Exercise details - Leaving the pictures aside, transcribe only and exactly the lines from the one with "Embossing tools with" through the end of the entries, both included.

Data provided -
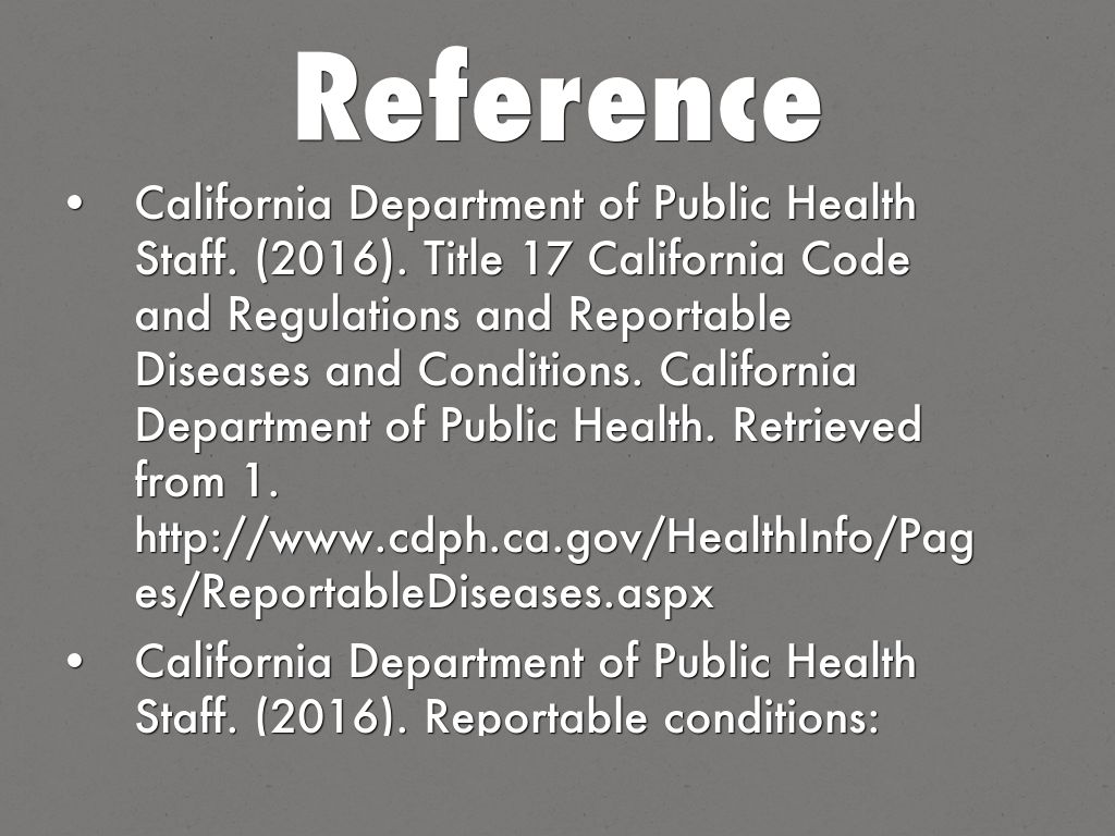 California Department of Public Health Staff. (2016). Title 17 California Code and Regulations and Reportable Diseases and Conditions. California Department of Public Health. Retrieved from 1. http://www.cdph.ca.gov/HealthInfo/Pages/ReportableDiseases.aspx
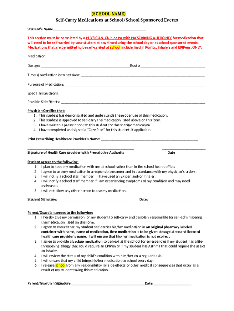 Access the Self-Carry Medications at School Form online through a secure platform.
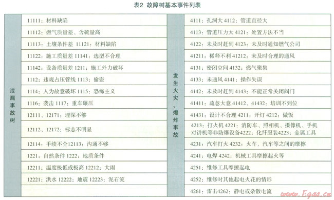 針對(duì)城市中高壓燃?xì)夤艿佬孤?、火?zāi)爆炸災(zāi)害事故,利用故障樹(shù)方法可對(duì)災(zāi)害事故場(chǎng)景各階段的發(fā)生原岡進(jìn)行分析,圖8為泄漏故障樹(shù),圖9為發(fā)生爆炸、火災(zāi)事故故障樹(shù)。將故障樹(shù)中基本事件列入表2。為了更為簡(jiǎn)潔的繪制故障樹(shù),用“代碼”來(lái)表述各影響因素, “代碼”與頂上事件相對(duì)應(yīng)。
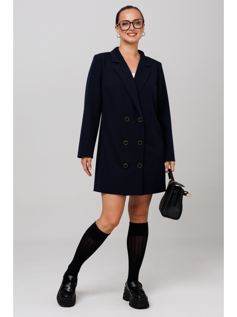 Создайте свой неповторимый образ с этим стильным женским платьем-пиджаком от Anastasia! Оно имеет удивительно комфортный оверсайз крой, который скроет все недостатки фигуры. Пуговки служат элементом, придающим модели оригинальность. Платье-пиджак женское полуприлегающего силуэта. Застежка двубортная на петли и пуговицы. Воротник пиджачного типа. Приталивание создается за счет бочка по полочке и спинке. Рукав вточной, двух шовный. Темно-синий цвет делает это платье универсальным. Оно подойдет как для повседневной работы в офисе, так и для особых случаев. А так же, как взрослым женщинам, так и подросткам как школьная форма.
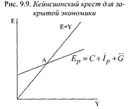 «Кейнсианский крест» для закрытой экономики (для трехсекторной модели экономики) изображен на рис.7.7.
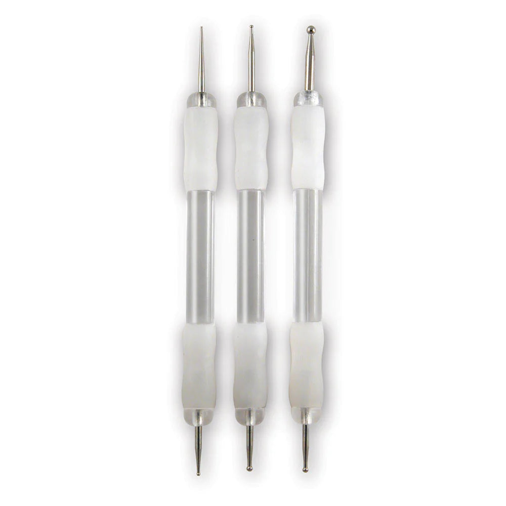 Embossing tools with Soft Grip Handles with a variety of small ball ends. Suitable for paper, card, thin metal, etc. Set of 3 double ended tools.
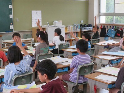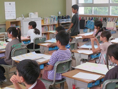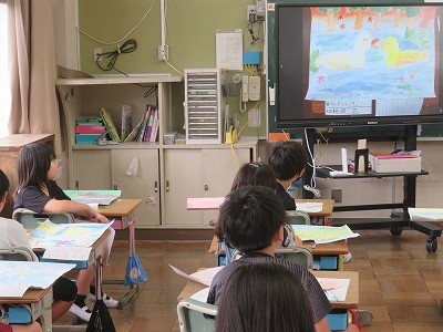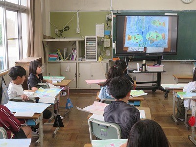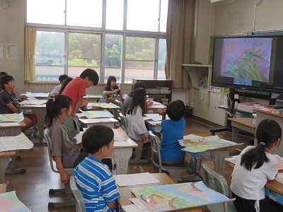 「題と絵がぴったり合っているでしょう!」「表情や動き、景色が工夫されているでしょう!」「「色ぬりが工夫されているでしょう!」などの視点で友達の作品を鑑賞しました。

Response box -
 Embossing tools with Soft Grip Handles with a variety of small ball ends. Suitable for paper, card, thin metal, etc. Set of 3 double ended tools.
 「題と絵がぴったり合っているでしょう!」「表情や動き、景色が工夫されているでしょう!」「「色ぬりが工夫されているでしょう!」などの視点で友達の作品を鑑賞しました。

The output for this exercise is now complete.